Canto: Wow, who’s side are you on? Whether bonobos’ ancestors were patriarchal or not is beside the point to me. The point is, they’re matriarchal now, who cares when it started. And they’re happy, and successful. And we humans want to be happy, or happier, and more successful. So we might learn from bonobos about being less aggressive, less cruel, less exploitative, less competitive, and more caring, more playful, more communal, more uninhibited…

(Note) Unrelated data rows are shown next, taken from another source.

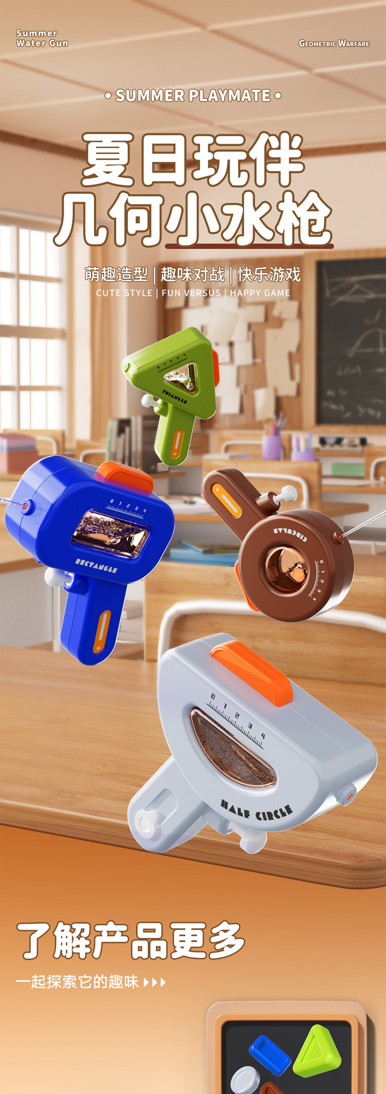 여름 새로운 물 튀는 기하학적 작은 물 총 여름 야외 해변 귀여운 귀여운 부드러운 핸즈없는 어린이 장난감스토어 가기
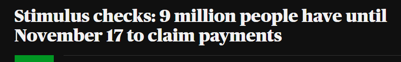 国税局说符合条件的人必须在11月17日(周四)当天结束前提交一份纳税表格来申报这笔钱。
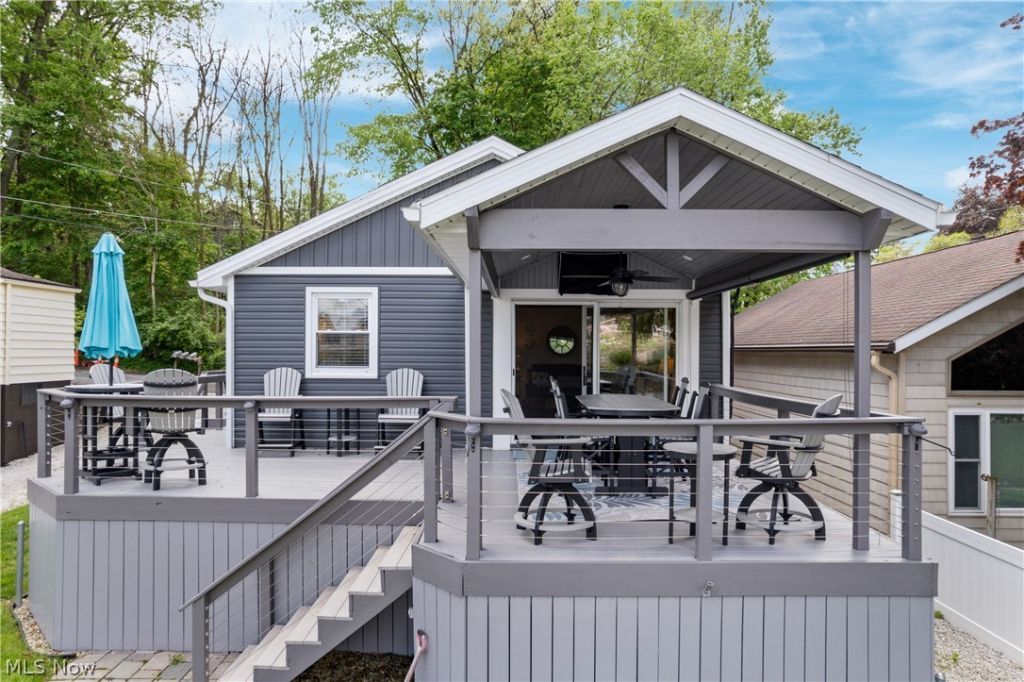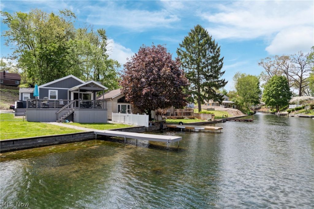 Petite move-in ready lakefront retreat located on the Main Chain of Portage Lakes in the heart of Coventry Township's Clock Tower district. This ranch home has been completely remodeled inside and out, offering a rare opportunity for affordable waterfront living in excellent condition. Enjoy stunning lake views from the beautifully updated covered deck (2020), featuring wired railings, a retractable awning, mounted TV, and ceiling fan?perfect for relaxing or entertaining. Fully fenced in lakeside. Exterior upgrades include a new seawall and pavers (2017), dock (2014), roof (2010), and new siding, gutters, and trim (2021). A new glass sliding door (2020), covered front porch, and concrete parking pad (2016) add to the home's curb appeal and functionality. Inside, you'll find newer vinyl/LTV tile flooring throughout, a remodeled kitchen (2014) with ample white cabinetry and updated appliances, and a remodeled bathroom (2016). The home offers best of both worlds and year-round comfort with gas boiler heat and central air conditioning. Additional updates include a 100-amp electrical panel and convenient first-floor stackable laundry, plus additional laundry area in the basement. Connected to public water and sewer, this property combines modern convenience with lakeside charm. Additional 40% of an acre land available through separate seller. Opportunities like this don't come along often?start enjoying lakefront living just in time for summer on Portage Lakes!

Jacinta: Okay, okay, I get it. But I’m wondering about that aggression, or at least that competitiveness. Hasn’t it been to our advantage as a species? The space race, the battles between competing scientific theories, between political ideologies and the like, haven’t they sharpened the collective human mind? Aren’t bonobos a bit intellectually lazy? I’ve read somewhere that chimps are more consistent toolmakers than bonobos. Or would you rather we lived in some timeless hippy-bonobo nirvana?
Canto: Okay, let’s look at the evidence, or what we have of it. Michael Tomasello et al published a research study in the journal PloS One in 2010, entitled ‘Differences in the Cognitive Skills of Bonobos and Chimpanzees’. Here’s the whole abstract from it:
While bonobos and chimpanzees are both genetically and behaviorally very similar, they also differ in significant ways. Bonobos are more cautious and socially tolerant while chimpanzees are more dependent on extractive foraging, which requires tools. The similarities suggest the two species should be cognitively similar while the behavioral differences predict where the two species should differ cognitively. We compared both species on a wide range of cognitive problems testing their understanding of the physical and social world. Bonobos were more skilled at solving tasks related to theory of mind or an understanding of social causality, while chimpanzees were more skilled at tasks requiring the use of tools and an understanding of physical causality. These species differences support the role of ecological and socio-ecological pressures in shaping cognitive skills over relatively short periods of evolutionary time.
Jacinta: Yeah, that is a bit abstract. WTF is the difference between social causality and physical causality?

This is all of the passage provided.